■ **Your instructions**: Please give back, exactly as written, the lines from the line with "Os Coletes de" to the line with "- On any theme" in the listing below, leaving out all pictures.

■ **Data to examine**:
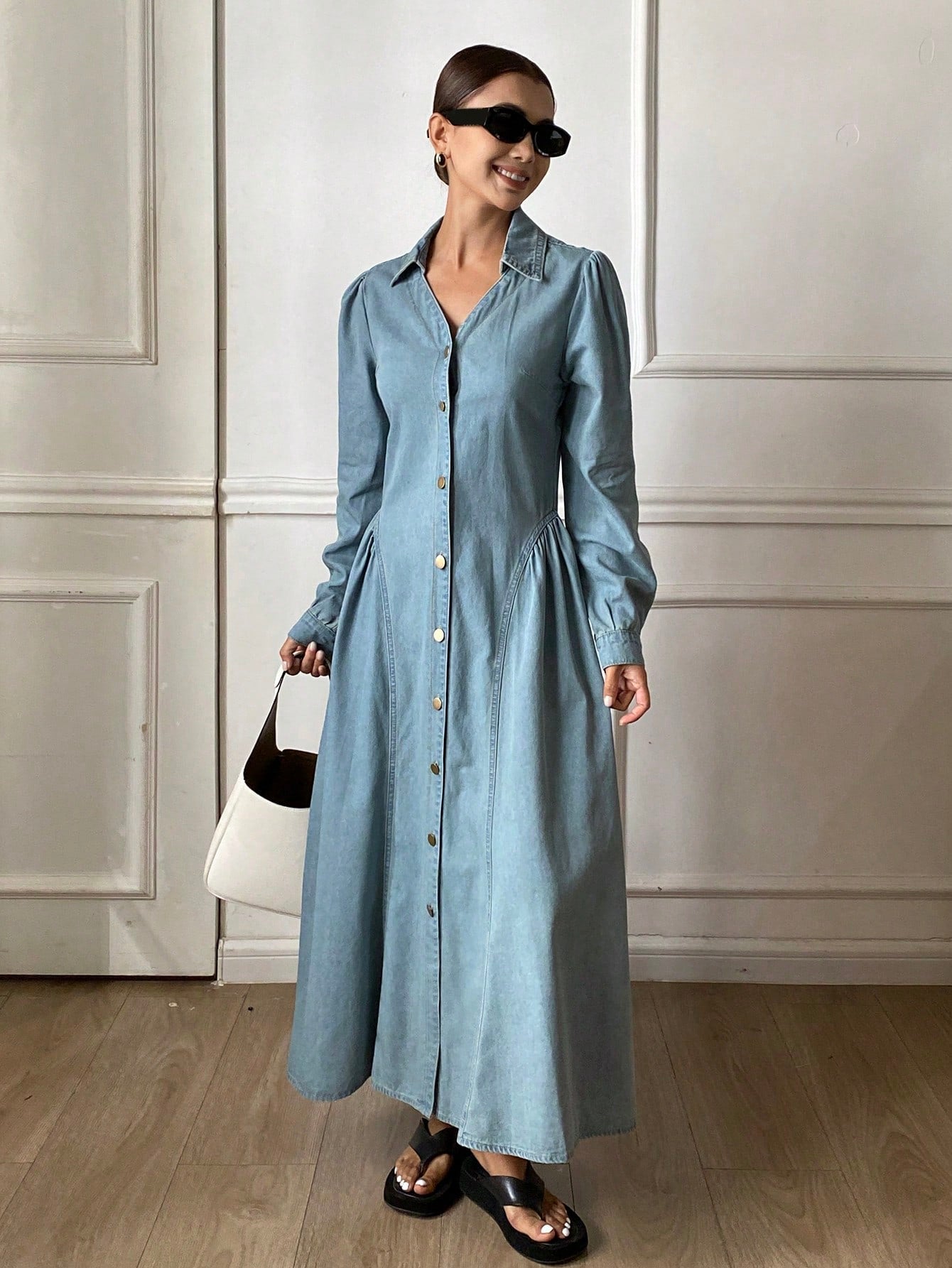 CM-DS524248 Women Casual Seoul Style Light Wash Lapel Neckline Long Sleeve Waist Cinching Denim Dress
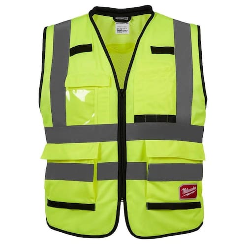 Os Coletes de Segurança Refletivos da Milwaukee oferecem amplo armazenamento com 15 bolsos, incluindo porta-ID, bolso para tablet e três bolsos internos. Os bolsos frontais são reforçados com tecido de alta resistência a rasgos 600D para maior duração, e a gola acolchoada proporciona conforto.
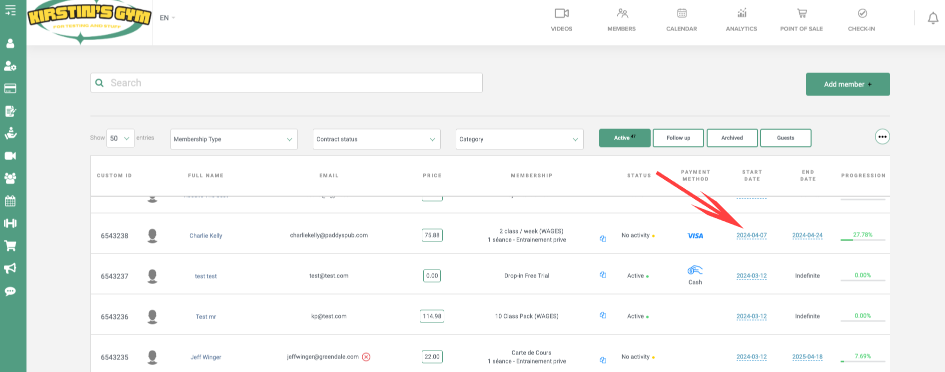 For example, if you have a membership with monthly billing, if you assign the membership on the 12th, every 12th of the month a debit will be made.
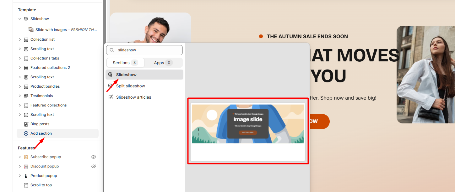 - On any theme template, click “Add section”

...

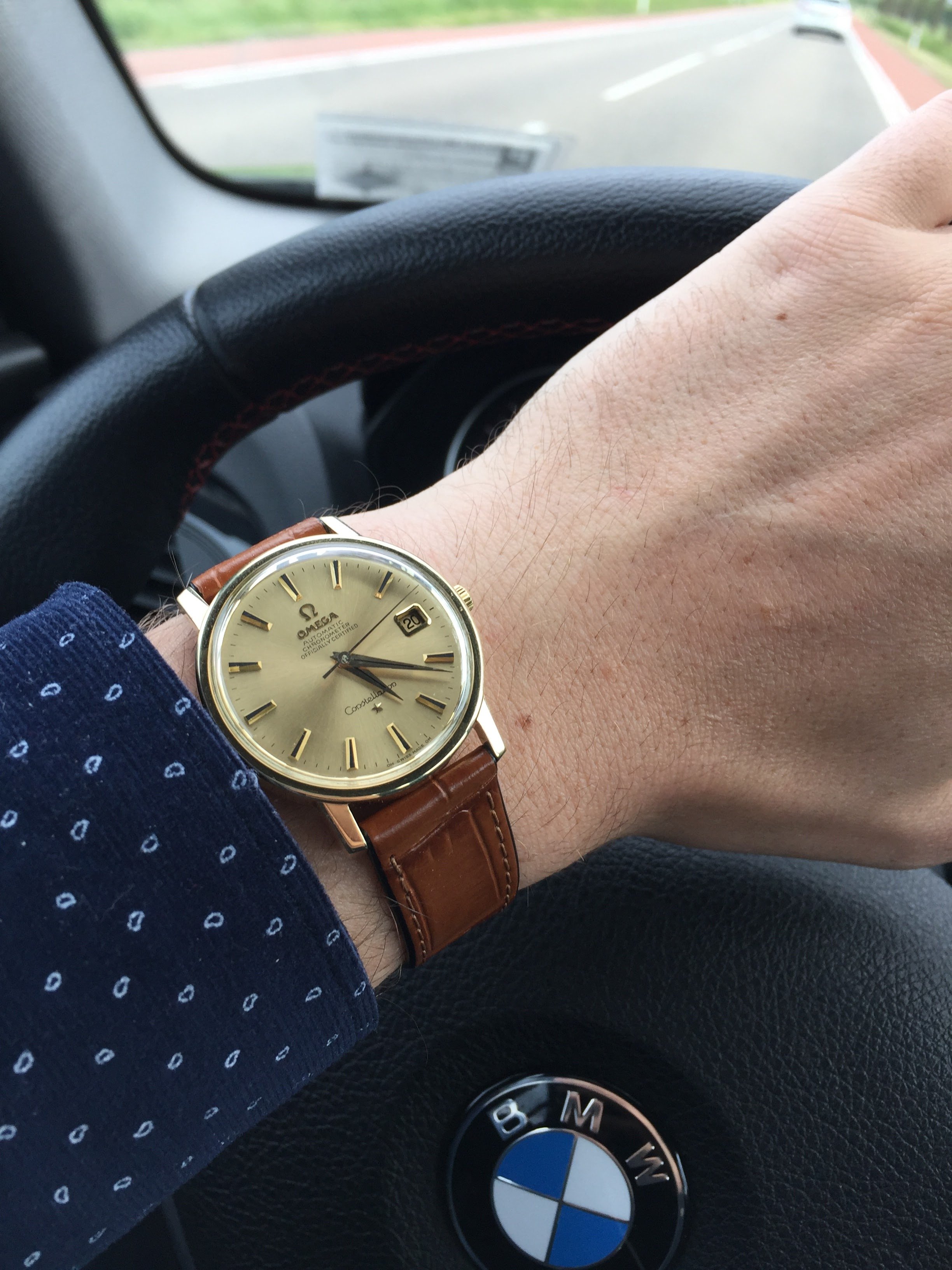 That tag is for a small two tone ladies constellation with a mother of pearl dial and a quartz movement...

■ **Exercise solution**:
 Os Coletes de Segurança Refletivos da Milwaukee oferecem amplo armazenamento com 15 bolsos, incluindo porta-ID, bolso para tablet e três bolsos internos. Os bolsos frontais são reforçados com tecido de alta resistência a rasgos 600D para maior duração, e a gola acolchoada proporciona conforto.
 For example, if you have a membership with monthly billing, if you assign the membership on the 12th, every 12th of the month a debit will be made.
 - On any theme template, click “Add section”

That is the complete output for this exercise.